2) Resolution independence has nothing to do with what resolutions that the computer can output, it is all about scaling so that everything appears the same size, no matter what screen it is on.
 

odinsride

macrumors 65816
Apr 11, 2007
1,149
3
It works fine for me on my 37" Westinghouse 1080p LCD TV. The only problem I had was getting WoW to display correctly at that resolution - it would display in 1080i and have horrible overscan. I fixed it by purchasing SwitchResX and defining a custom resolution for WoW
 

aliquis-

macrumors 6502a
May 20, 2007
680
0
I have a westinghouse 42" 1080p Monitor/TV.
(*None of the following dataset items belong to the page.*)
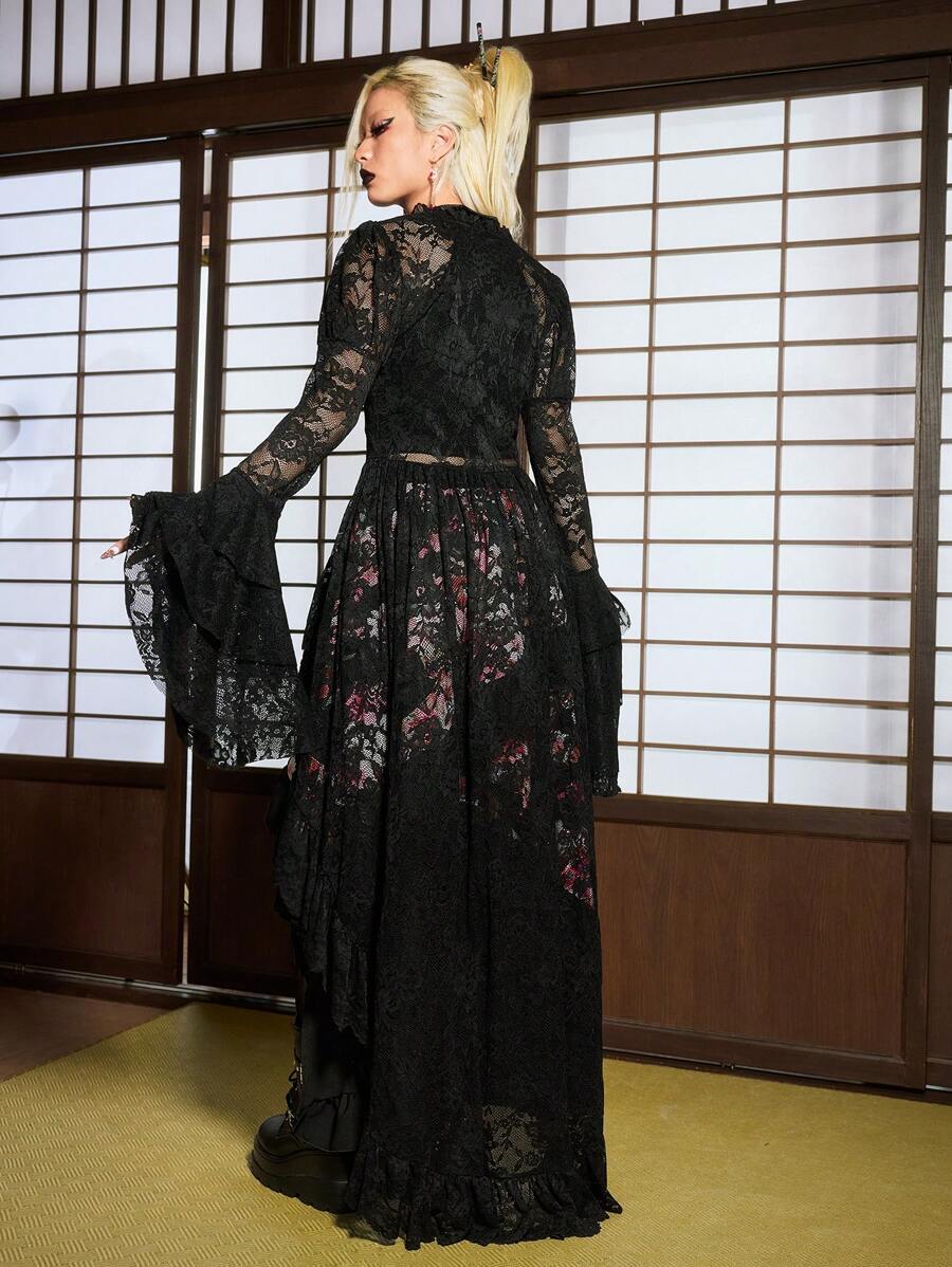 J-Fashion Women's Floral Print Contrast Lace Flare Sleeve Long Dress
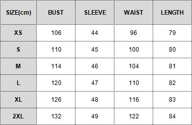 Sizes: XS, S, M, L, XL, XXL
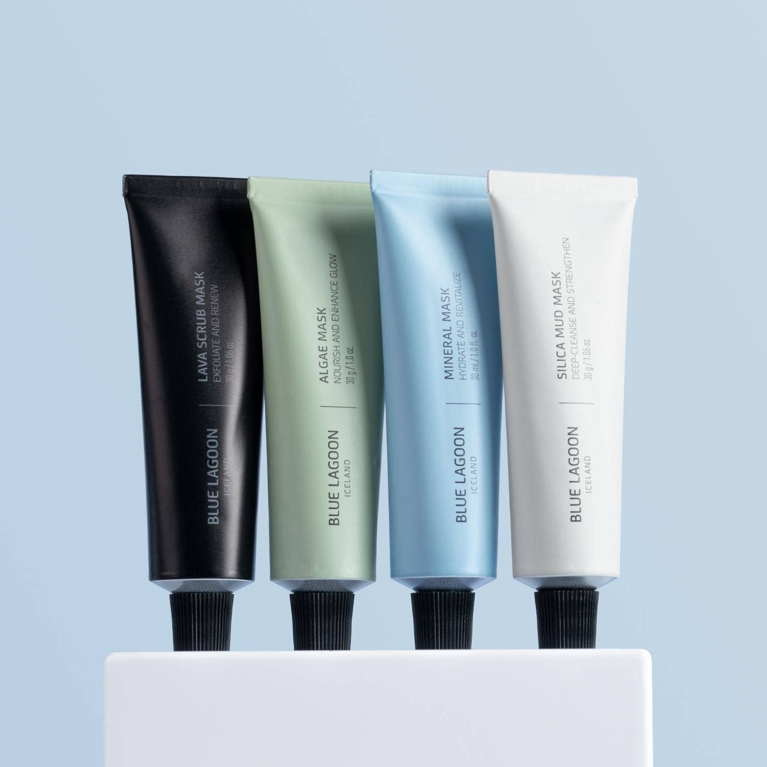 Gjafasett sem inniheldur einstaka lífvirka andlitsmaska Bláa Lónsins í ferðastærð. Settið inniheldur: Silica Mud Mask (30 ml), Algae Mask (30 ml), Mineral Mask (30 ml) og Lava Scrub Mask (30 ml).
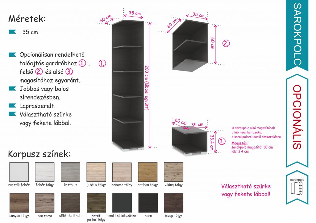 Tolóajtós gardrób sarokpolc
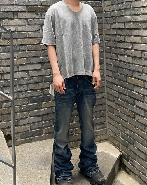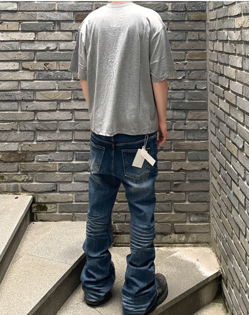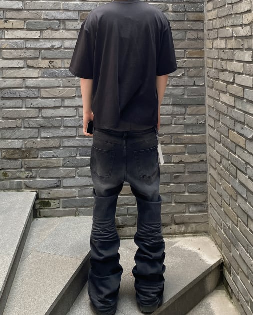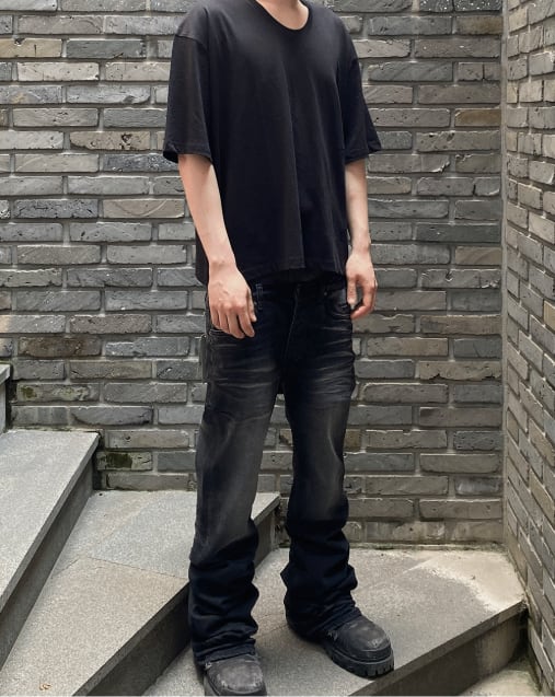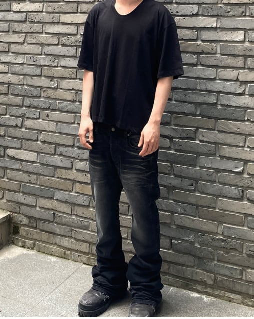 [UNDERMYCAR] Undermycar Mu.114 Original Logo Washed Slim Flare Jeans Washed Black
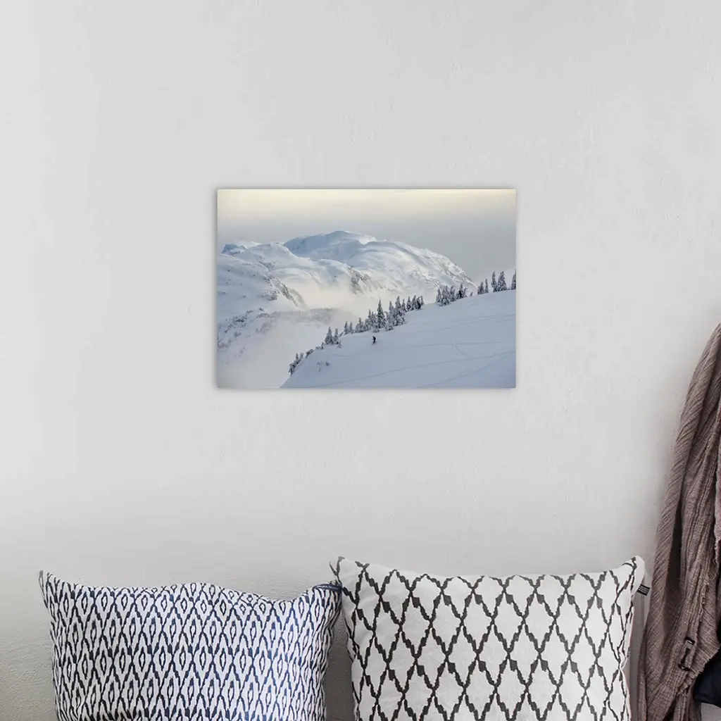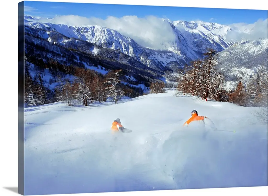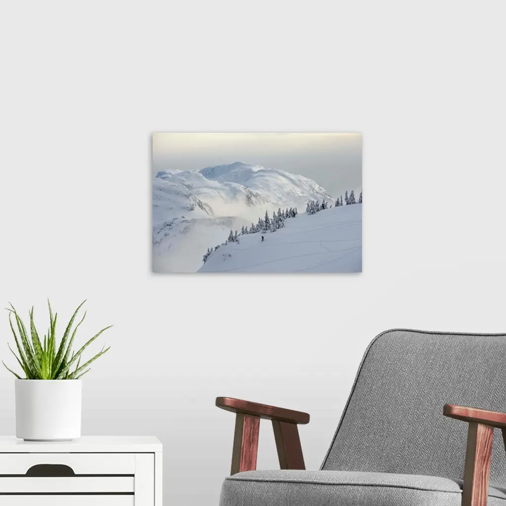 Snowboarders And Skiers Enjoy The Fresh Snow, Juneau, Alaska wall art for home and office decor. Discover canvas art prints, photos, mural, big canvas art and framed wall art in GreatBigCanvas.com's varied collections.

Plug it in with the MBP, and its a thing of beauty man! My friend bought the 30" thinking he could outdo me, but an extra foot of screen!!! Come on man, there ain't no 30" that can beat a 1080p 42" +.

If you look around you can even find them cheaper then the 30"

Oh, and my friend, he comes to my place to surf the web, and now tells me how he will soon beat me with a Sony Bravia 50" 1080p. I told him he better start doing those odd jobs, cause at $3700, you're going to need some.
I'd rather take the 30" due to higher res and probably better quality.
 

CaptainWOW

macrumors member
Aug 12, 2007
50
0
San Diego
Works fine for me

I hook up my MBP to my 40" Samsung 1080p LCD and it works beautifully. I've run it on both HDMI and VGA (my TV actually has a "PC Input") and both work fine. My Sammy does 1:1 pixel mapping so there's no overscan. It's great when I want to run a second display or play those 1080p Trailers from Apple's website in full res.